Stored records
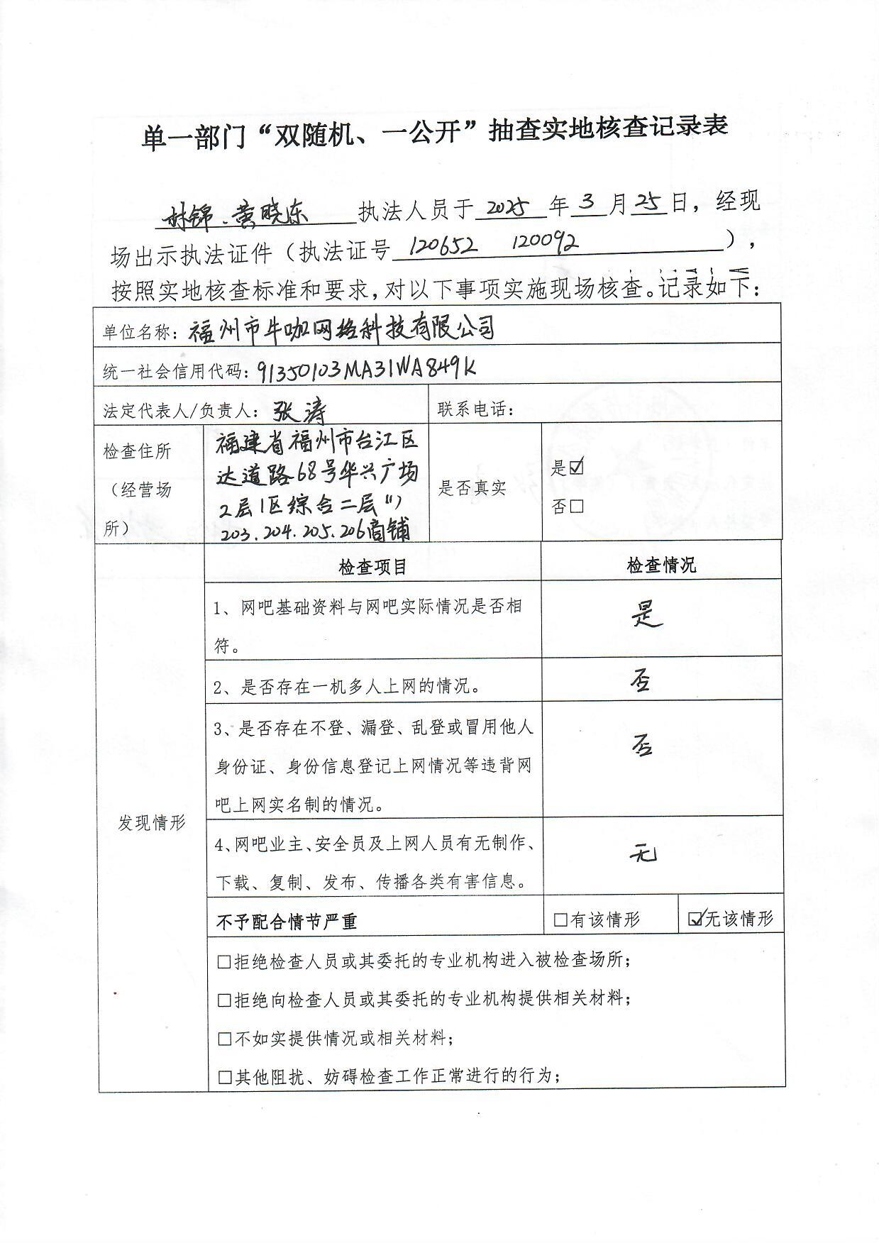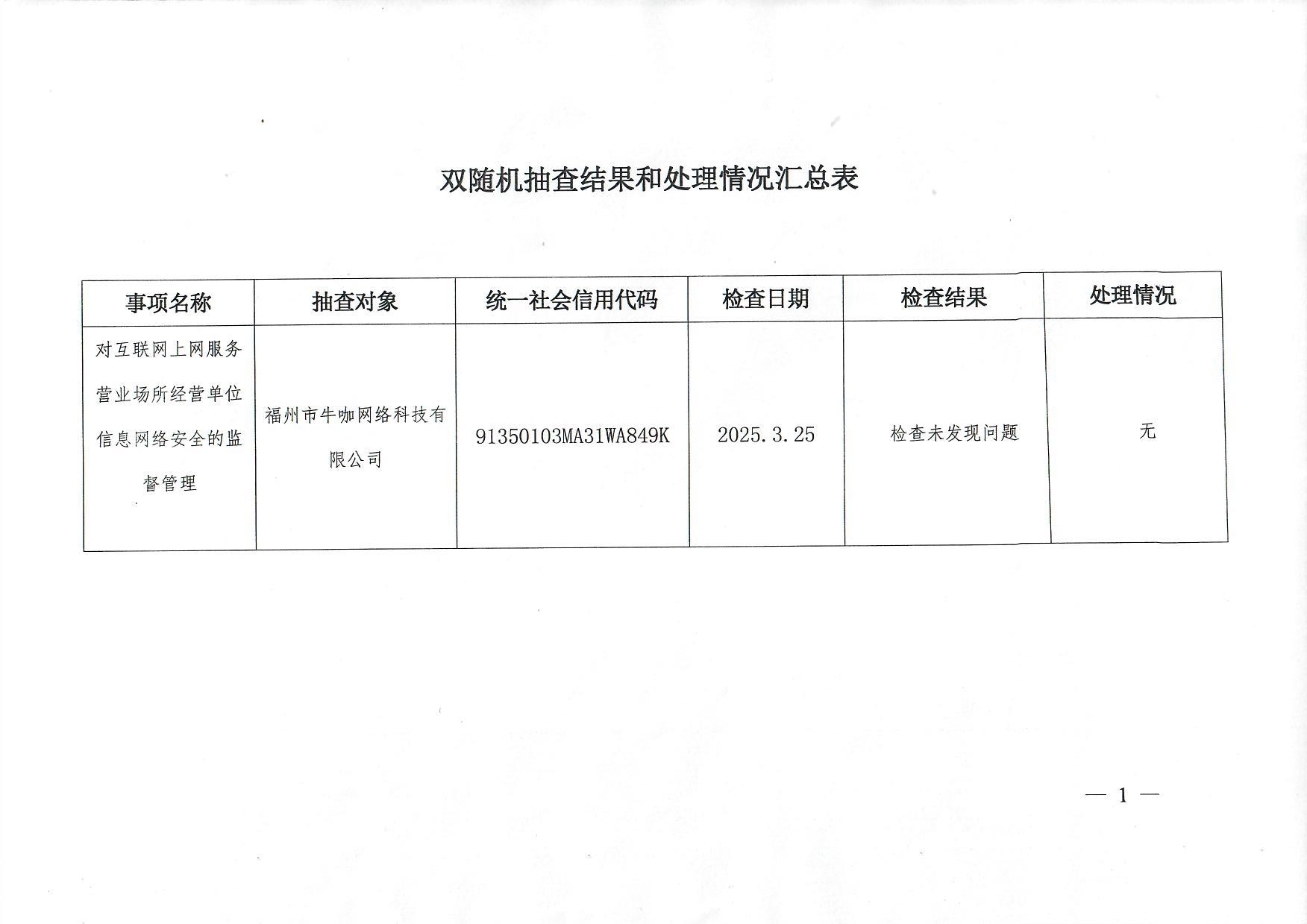 2025年太阳城娱乐 公安分局网安大队网吧"双随机、一公开"抽查结果和处理情况公示(第一轮)
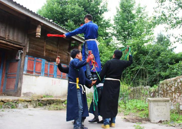 “鈴鐺舞”主要流傳在烏蒙山區(qū)的彝族聚居區(qū)。彝語稱“懇合唄”?!皯┖稀?,指祭祀禮儀中唱經(jīng)文的歌,“唄”即跳的意思,又稱“跳腳”、“抄子舞”。合起來就是通過舞蹈表演的形式加上歌師的訴唱來祭奠死者的意思,是彝族先民在祭祀教化活動時按倫理輩分和長次舉行高歌創(chuàng)業(yè)公德的騎馬戰(zhàn)狀舞蹈。
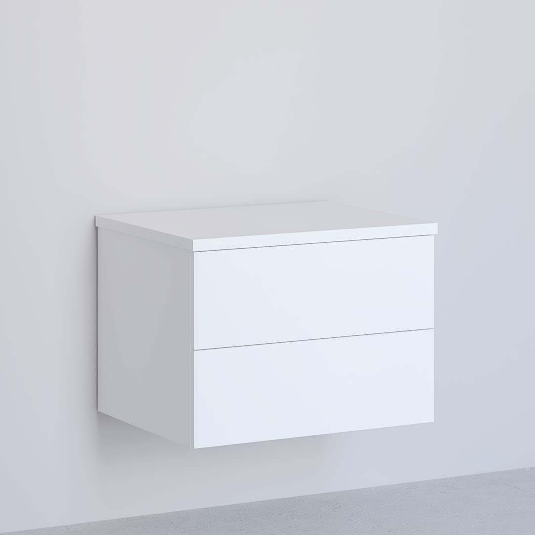 Der Korpuskern besteht aus einer Holzwerkstoffplatte. Die spezielle Melaminharzbeschichtung auf der Oberfläche bietet Schutz gegen Feuchtigkeit, Hitze und haushaltsübliche Beanspruchungen. Für eine dauerhafte Stabilität ist der Korpus mehrfach gedübelt. Die Waschtischplatte hat einen mehrschichtigen Aufbau. Dieser Schichtstoff ist härter, extrem widerstandsfähig, hygienisch, pflegeleicht, feuchtigkeitsunempfindlich und hält über Jahre selbst großen Alltagsbelastungen stand.
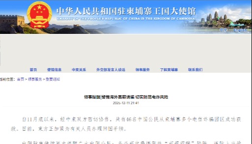 據中國駐柬埔寨大使館11日晚消息,自11月底以來,經中柬雙方密切協作,共有46名中國公民從柬埔寨多個電信詐騙園區成功獲救。目前,柬方正加緊為有關人員辦理回國手續。
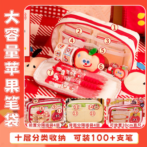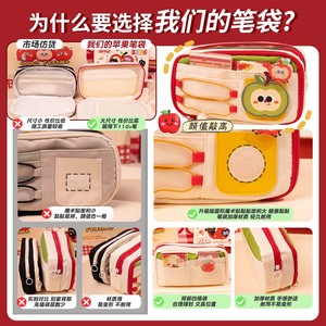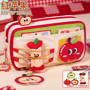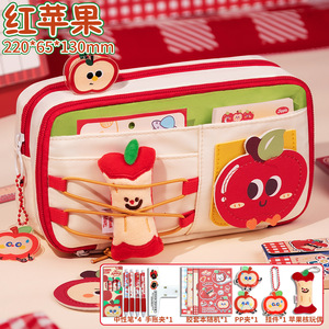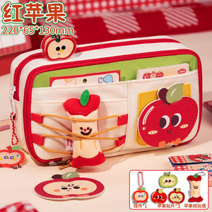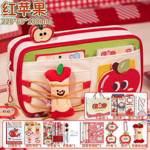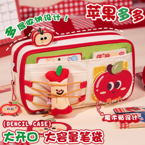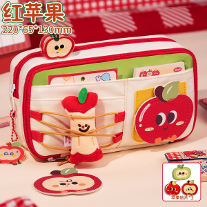 萌趣苹果笔袋可爱大容量学生铅笔袋开学必备学习用品ins风文具袋
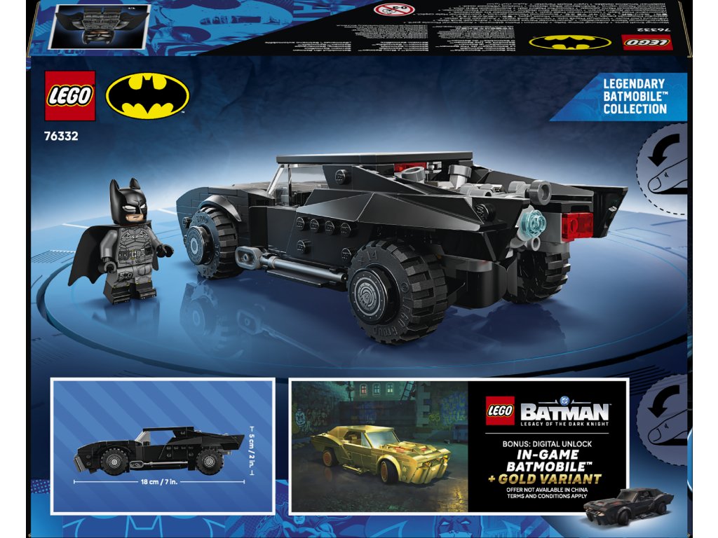 - MINIFIGÚRKA BATMANA – Nechýba minifigúrka LEGO® superhrdinu s látkovým plášťom a ani pamätná zlatá minca zabudovaná do modelu Batmobilu, ktorá sa skrýva pod odnímateľnou kapotou

• **Your assignment**
Would you copy, word for word, only the lines above from the one containing "Der Korpuskern besteht" through the one containing "萌趣苹果笔袋可爱大容量学生铅笔袋开学必备学习用品ins风文具袋", both included, and please leave out the pictures?

• **Answer to this problem**
 Der Korpuskern besteht aus einer Holzwerkstoffplatte. Die spezielle Melaminharzbeschichtung auf der Oberfläche bietet Schutz gegen Feuchtigkeit, Hitze und haushaltsübliche Beanspruchungen. Für eine dauerhafte Stabilität ist der Korpus mehrfach gedübelt. Die Waschtischplatte hat einen mehrschichtigen Aufbau. Dieser Schichtstoff ist härter, extrem widerstandsfähig, hygienisch, pflegeleicht, feuchtigkeitsunempfindlich und hält über Jahre selbst großen Alltagsbelastungen stand.
 據中國駐柬埔寨大使館11日晚消息,自11月底以來,經中柬雙方密切協作,共有46名中國公民從柬埔寨多個電信詐騙園區成功獲救。目前,柬方正加緊為有關人員辦理回國手續。
 萌趣苹果笔袋可爱大容量学生铅笔袋开学必备学习用品ins风文具袋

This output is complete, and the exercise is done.